The display of a TPA sequence is similar to other Collaboration records, but includes the following:

  • Keywords: TPA;THIRD PARTY ANNOTATION; TPA:experimental TPA;THIRD PARTY ANNOTATION; TPA:inferential
  • The label 'TPA_exp: or TPA_inf:' at the beginning of each Definition Line.
  • PRIMARY field providing the base pair spans of the primary sequences that contribute to the TPA sequence.

Other Features and References are similar to those displayed in other GenBank/EMBL/DDBJ records.

An example of a TPA:experimental is BK000016

An example of a TPA:inferential is BK000554

TPA sequence records are shared by all three Collaboration databases and can be found using typical search methods in EntrezNuc and EntrezProt (ie, submitter name, gene/protein name, Accession Number, etc)

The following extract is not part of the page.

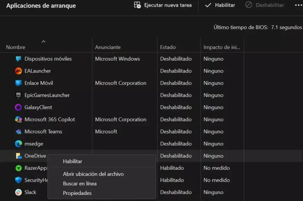 También puedes ir al Administrador de Tareas y dirigirte a Aplicaciones de arranque para que OneDrive no se ejecute al iniciar tu ordenador, así que con el botón derecho elige Deshabilitar.
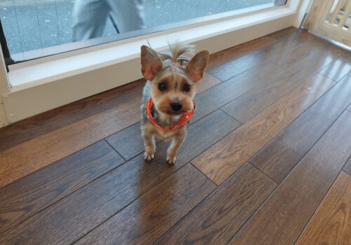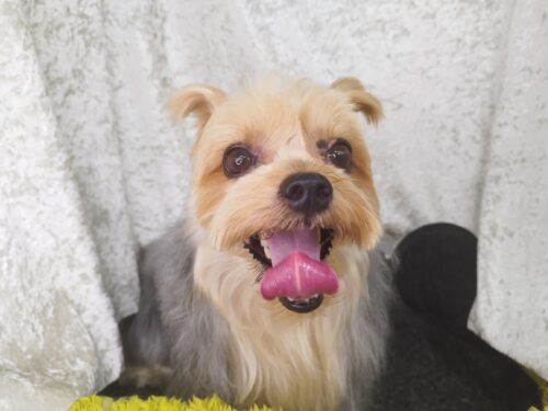 ヨーキーのリアちゃん ロングヘアーにしているので お洋服は着ないようにして頂いているものの お散歩はハーネスを…

How to Submit TPA Sequence Data

Sequence can be submitted to the TPA database through either BankIt or Sequin:

  • BankIt

    • On the 'Submission type' input page, under Submission Category, choose 'Third Party Annotation'.
    • After the 'Nucleotide' input page, you will be directed to a 'Third Party Annotation' input page.
    • In the appropriate boxes, enter the GenBank accession number(s) of the primary sequence(s) used to assemble or derive your TPA sequence and a brief explanation of the evidence you have to support the new annotation you are presenting.
    • Continue with the standard submission process. Be sure to add all new annotation for your TPA sequence on the 'Features' input page.
    • The submission will be labeled as a TPA sequence and processed accordingly after it is successfully submitted.
  • Sequin

    • Follow standard procedure for Sequin submission.
    • Choose Third Party Annotation from the Sequence Format window under Submission category
    • The Assembly Tracking box will appear with the flatfile display. The primary Accession Number(s) used to assemble/derive the TPA sequence should be entered into this box.
    • Click on Accept; new COMMENT field will appear in the flatfile, which will list the primary sequence Accession Numbers.
    • It is recommended that the submitter note in the email that contains the sequence submission that this is intended for TPA.
  • General Information

    • The entire submitted sequence must be covered by primary sequence data.
    • There is no limit on the number of overlapping/adjoining primary sequences that can be cited for a TPA submission.
    • If sections of a sequence submitted to TPA have been newly determined by the submitter, those sequences (if they are more than 50 nt) must first be submitted to GenBank, processed, and released to the public before they can be cited as primary sequences
    • TPA sequences must cite the same organism as the primary sequence data.

    When are TPA sequences released?

    • TPA sequences are held confidential until their Accession Numbers or sequence data and/or annotation appear in a peer-reviewed publication in a biological journal.
    • No sequence accepted for the TPA database will be released to the public until the submitter notifies us of its publication or we determine independently that such information was published.

    What should not be submitted to TPA

    • Synthetic constructs such as cloning vectors that use well characterized, publicly available genes, promoters, or terminators; these should be submitted as synthetic sequences for GenBank .
    • Microsatellites and related types of repeat regions
    • New sequence that updates or changes existing sequence data from another submitter; these should be submitted as new sequences for GenBank .
    • Annotation that has arisen from an automated tool, such as GeneMark, tRNA scan or ORF finder, where no further evidence, experimental or otherwise, is presented for the annotation.
    • Annotation from in vivo, in vitro, or in silico experimentation that will not be submitted for publication in a peer-reviewed journal.